Investors should really look at minimising the risk of negative gearing by choosing an investment property that is likely to increase in value throughout the investment period
Negative gearing is an important consideration for investors strategies and must be highly regarded weighing up the pros and cons. It is vital to know ones investment strategy and get expert financial advice to make sure negative gearing is understood fully before getting into it. There are of course multiple benefits to negative gearing in all markets especially if the investment is for the long term, but it also has its drawbacks.
When a property is negatively geared, that property still records a loss and it has implications on your taxable income and your total outlay. You are still ultimately out of pocket and having a buffer to manage the potential cost of holding the property is critical.
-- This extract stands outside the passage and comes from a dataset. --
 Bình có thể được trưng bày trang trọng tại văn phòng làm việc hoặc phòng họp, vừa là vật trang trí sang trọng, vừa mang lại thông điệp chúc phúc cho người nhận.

These are a few scenarios to consider:
- A plan to hold the investment property if it experiences a longer period of vacancy or a drop in rent over the short term
- A long term plan to hold the property if the capital gains take a few longer years to increase or even worse, decrease in the short term
- A financial buffer or plan if the interest rates rise quicker than normal and the rent stays the same for a while
- A drawdown facility if extra funds are needed for emergency maintenance or significant general maintenance.
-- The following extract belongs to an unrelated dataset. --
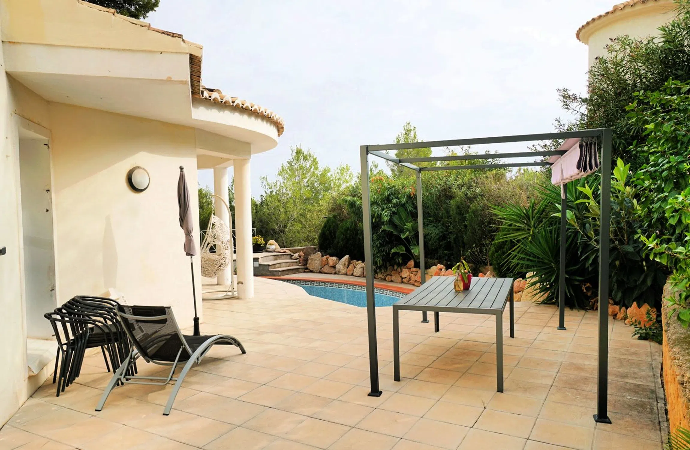 Esta vivienda única forma parte de una tranquila urbanización rodeada de vegetación y rodeada por la magnífica e impresionante cordillera de la Sierra de Bernia. Desde aquí se encuentra a 8 minutos en coche del encantador pueblo de Altea La Vieja, con varios restaurantes excelentes, supermercados, farmacias, una panadería, una tienda de productos naturales, etc. También está cerca del famoso campo de golf de Altea y de colegios de gran prestigio. A solo 12 minutos en coche de las playas de Altea y su amplia oferta de restaurantes, bares, tiendas y mucho más. Esta sólida vivienda de diseño único ofrece 215 m2 de superficie construida en una parcela totalmente vallada y privada de 1.090 m2 con una bonita entrada con puerta automática y orientación sureste. El vestíbulo de entrada nos conduce a la sala de estar abierta con comedor y chimenea, un baño de invitados, una cocina independiente con acceso a las terrazas que rodean la piscina, un dormitorio con baño en suite y un lavadero independiente. La planta superior cuenta con un vestíbulo muy luminoso y acceso a una terraza privada con vistas al mar. Además, hay dos amplios dormitorios con dos baños, uno de ellos en suite, y una oficina. Toda la vivienda dispone de aire acondicionado (frío/calor), calefacción por suelo radiante mediante 14 paneles solares (para una máxima eficiencia energética y un mínimo coste energético mensual), armarios empotrados, ventanas de doble acristalamiento con perfiles de aluminio, etc. En la parte delantera de la villa hay un amplio aparcamiento para varios coches con vistas al mar.

Of course it would be great to be neutrally or even positively geared and still make a net profit but these sorts of properties are very hard to find. At the end of the day, a savvy investor would do their sums and know their number before getting themselves into a negatively geared situation.
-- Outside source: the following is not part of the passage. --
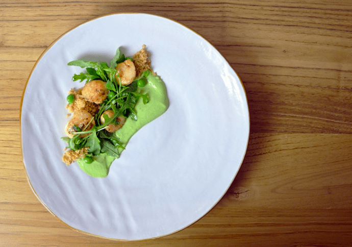 Capesante accompagnate da una crema allo yogurt al profumo di menta, insalatina di rucola e sabbia al limone.

Top 5 tips on how to minimise the risks of negative gearing
1) Ever heard of the phrase, measure twice, cut once. The same goes for property due diligence. Spend time on it. If you don’t have time or don’t know what you are looking for, it would be very wise to get expert help to make smarter investment. Getting past records can be very helpful in knowing what the future holds.
2) Weigh up your financial position and choose your investment property wisely. It is sometimes better to stretch your borrowing capacity to buy in a better area than buying something that is well within the budget. Remember it is important to buy properties for equity and capital growth. Buying properties that have slow capital growth is less likely when the property is located near major transport, amenities, current and potential infrastructure and these usually cost a bit more.
3) Have a buffer and a backup plan for rainy days. There are sometime unforeseen circumstances that would mean that there is significant cost to outlay for maintenance. Sometimes the market can slow down and the rent may not be able to cover the rising cost of the interest rates, so a financial buffer is always helpful. A great way to do this is to have a draw down facility in the loan for rainy days.
4) Protect yourself and your investment. Life happens and sometimes, they are unavoidable. That is why, it is important to consider getting landlord insurances and other insurances like income protection for times when the unexpected happens. It is also vital to know how and where to access other funds should that be needed.
5) Get an A team to help you maximise your return on investment. Having a great accountant that knows the full situation is critical. An accountant with a portfolio of properties is ideal so he or she knows the game and is able to walk the talk.